It’s a bird, it’s a plane, it’s Anthony Edwards, soaring up to save the Timberwolves season
Surely, he was running on springs.
Jumping on a trampoline.
Shot out of a cannon.
Something supernatural took place as Anthony Edwards took off in the final second Thursday in Indiana. Because there’s no logical explanation for a player leaping as high as the 22-year-old guard did — figuratively touching the heavens and literally slamming his head off the side of the rim — as he soared to reject Aaron NeSmith’s game-tying layup attempt at the rim to save Minnesota’s 113-111 road victory over the Pacers.
“I saw him at the lane, I knew he was going for the layup. I was like, ‘Man, I’m finna go get this,” Edwards said in his postgame, on-court television interview. “I ain’t ever jumped that high in my life.”
It was Superman lifting a building. Spiderman climbing a wall. Doctor Strange Teleporting.
Anthony Edwards saving the Timberwolves’ season.
No, one victory doesn’t define or salvage a campaign. But Minnesota was in need of a lift Thursday, or some type of reassurance that everything could possibly be alright. The news of Karl-Anthony Towns’ meniscus tear and impending surgery, that will keep him out of the lineup for at least a month, was enough to make everyone question whether this team’s goals, which stretch as high as a championship, are no longer attainable.
But Edwards provided another reminder Thursday that, when he is locked in and at the peak of his powers, he can lift Minnesota to unimaginable heights, almost on his own.
He scored nine of Minnesota’s 11 points in the final five minutes of the contest. Indiana continuously struck back on the other end, but Edwards found an answer time and time again. He scored 13 points in the third and 16 in the fourth while making Andrew Nembhard, Indiana’s best defender, look like a mere bug on his windshield.
“I found my second win in the fourth,” Edwards said. “And, once I found my second wind, I knew there was nobody that could stop me.”
In total, Edwards finished with 44 points in a game that was reminiscent of the performances he has delivered in so many other high-profile contests in the past, whether those be against some of the league’s top teams or in the playoffs themselves.

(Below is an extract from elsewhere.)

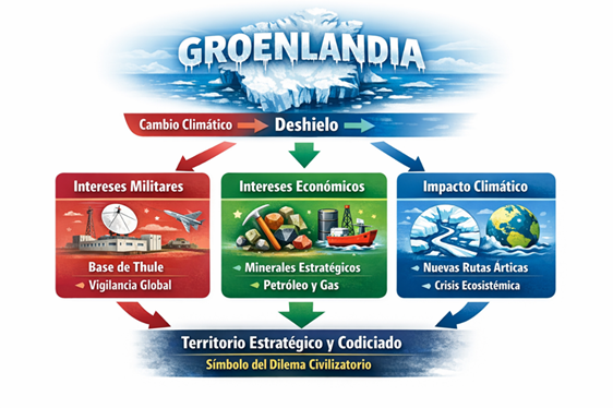 Además de sus consecuencias físicas —como la contribución al aumento del nivel del mar y la alteración de sistemas oceánicos y climáticos a escala planetaria—, el acelerado deshielo de Groenlandia despliega implicancias geopolíticas de gran alcance. La retirada del hielo no solo transforma un territorio hasta hace poco inaccesible, sino que reconfigura su valor estratégico, expone recursos críticos, acelera dinámicas extractivas y tensiona los marcos de soberanía existentes. Groenlandia se convierte así en un espacio donde el cambio climático actúa como catalizador de disputas militares, económicas y políticas que exceden largamente el ámbito ambiental.

Indiana is not a top-tier foe. The Pacers are destined to be a play-in team in the Eastern Conference. But Timberwolves coach Chris Finch has always said Edwards has a feel for the moment.
And, in Thursday’s moment, Minnesota desperately needed a pick-me-up. The Wolves — and, perhaps more specifically, their fans — needed a reason to believe again, after their hopes and dreams were seemingly smashed just 12 hours earlier.
So of course Edwards stepped up to the plate. Superheroes have always been the ultimate sign of hope.